Part 2 (The Planter): Washington: A Life

First portrait of George, age 40, by Peale

I’m still happily reading along in Ron Chernow’s Washington: A Life and just finished Part 2: The Planter.  This section covers George Washington’s life from age 26, his resignation from the army, marriage to Martha, and focus on Mount Vernon to the first days bloody days of the Revolution when he was in his early 40s.

Although the book doesn’t read like a novel it has a nice clip, juicy detail (George ordered Spanish Fly, an aphrodisiac–you can now buy some online–for his honeymoon, George and Martha owned some racy books) and some subtle cliffhangers (at least in my mind): what will be the outcome for George’s aimless, filthy rich step-son Jacky?  Will George ever see his hypocrisy of agitating for liberty and owing slaves?  How does this man who “knew the value of silence, largely kept opinions to himself, and seldom committed a faux pas” become our first president?
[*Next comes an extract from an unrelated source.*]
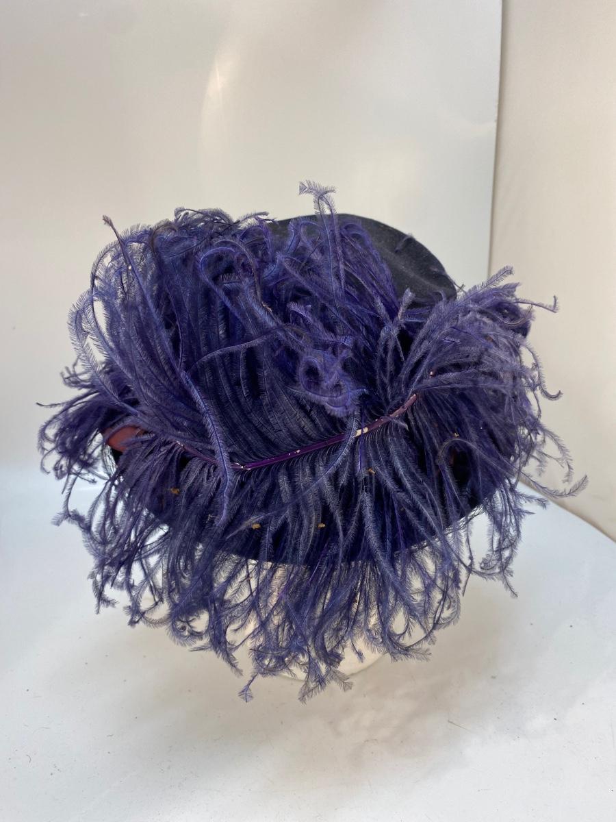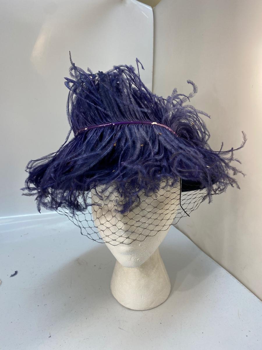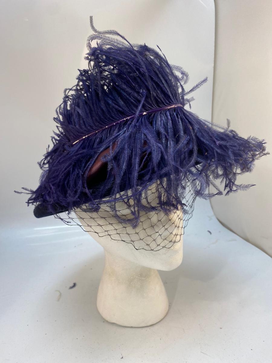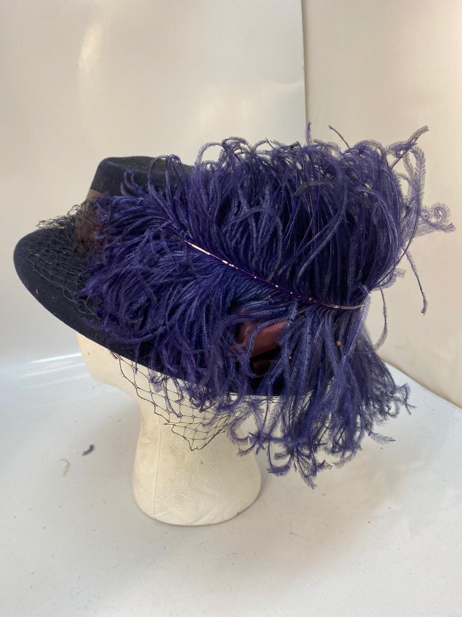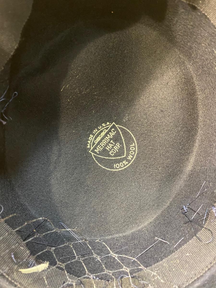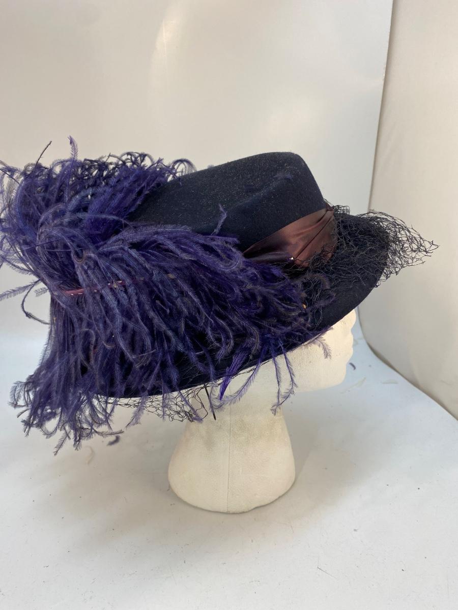 Vintage Merrimac Hat Corp 100% Wool Navy Blue Boater with Netting and Feather. in good vintage condition. Hat looks like it could be worn either direction. Some light wear and discolor from age.

George Washington certainly wasn’t a humble man; he simply wanted the best. During his early manhood he continued to struggle with outward displays of his fiery temper except when it came to issues of money around which he could be brutal and snappish towards others.  He was in dept up to the hilt with lenders from England, as were most colonial planters who needed tools and goods from England and gambled on good future crops to pay their loans. They were land rich and cash poor.

Although George never traveled to England, he liked the latest fashions and spent as much as he could on decor for his home, carriages, clothing, and other outwards displays of wealth.  In 1758 he doubled the size of his house (for a virtual tour of the house, click here). He apparently didn’t do this to flaunt his position as much as he did it to gain the respect and acceptance of others.  Whereas in Part 1 George’s main complaint in life was the treatment of colonial officers by the British military, during this time period he has multiple thorns in his side: debt, the high cost and shabby quality of goods he’s forced to buy from England, and England’s restrictions on and taxation of its North American colonists.

It wasn’t until after George started experimenting with crops and diversifying what he planted and produced that he gained more financial stability and came to relish his work as a plantation owner.  From 1763 to 1770 he was able to cut his debt in half.  Prior to his focus on Mount Vernon his plantation was mired in the labor intensive work of growing tobacco. “Labor intensive” for this time and place means slave labor and George owned 87 slaves in 1770.  After he quits focusing on tobacco, he doesn’t need so many field hands and had many of his slaves trained in various trades and crafts. Who trained them?  Indentured servants that George acquired from England. George’s slaves worked around his plantation (which was huge and included 5 farms) and he also loaned them out to work at other plantations.  Although George was against splitting up slave families, members of families sometimes only saw each other on Sundays if they worked on different farms.  George was also against buying slaves, yet participated in slave lottery sales and shipped problem slaves to the Caribbean which was a virtual death sentence due to working conditions.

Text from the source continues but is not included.